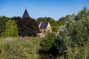 De rivier slingert sierlijk door de witte velden van Testelt in dit sfeervolle luchtbeeld.
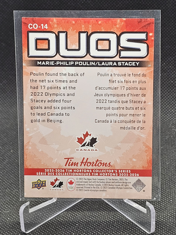 2025-26 Upper Deck Tim Hortons Team Canada Duos #CO14 Marie-Philip Poulin/Laura Stacey
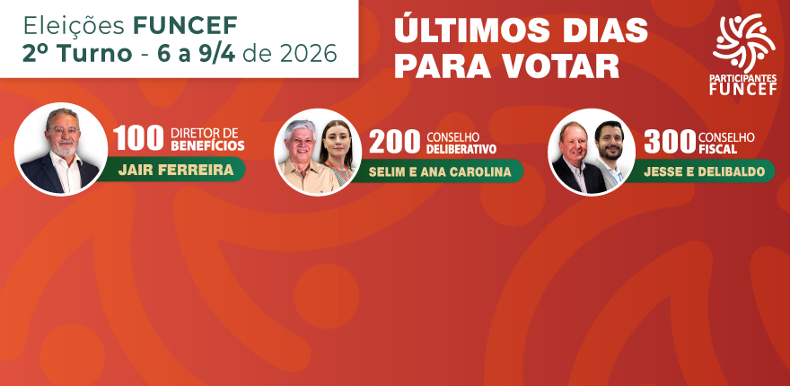 Os participantes da Funcef têm até esta quinta-feira (9) para escolher os representantes que atuarão na manutenção e ampliação das conquistas alcançadas pelo Fundo nos últimos anos. Comprometida com a seriedade que o momento exige, a Federação Nacional das Associações do Pessoal da Caixa (Fenae) apoia, neste segundo turno das Eleições Funcef 2026, os seguintes candidatos que cumprem todos os requisitos necessário para o sucesso do Fundo: Jair Pedro Ferreira, para a Diretoria de Benefícios; Selim Oliveira (titular) e Ana Carolina Melo (suplente) para o Conselho Deliberativo, além de Jesse Krieger (titular) e João Delibaldo (suplente) para o Conselho Fiscal.

[TASK INSTRUCTIONS] Would you reproduce the lines above, from the very first through the line containing "2025-26 Upper Deck", exactly and without the pictures?

[EXERCISE RESULT]
 De rivier slingert sierlijk door de witte velden van Testelt in dit sfeervolle luchtbeeld.
 2025-26 Upper Deck Tim Hortons Team Canada Duos #CO14 Marie-Philip Poulin/Laura Stacey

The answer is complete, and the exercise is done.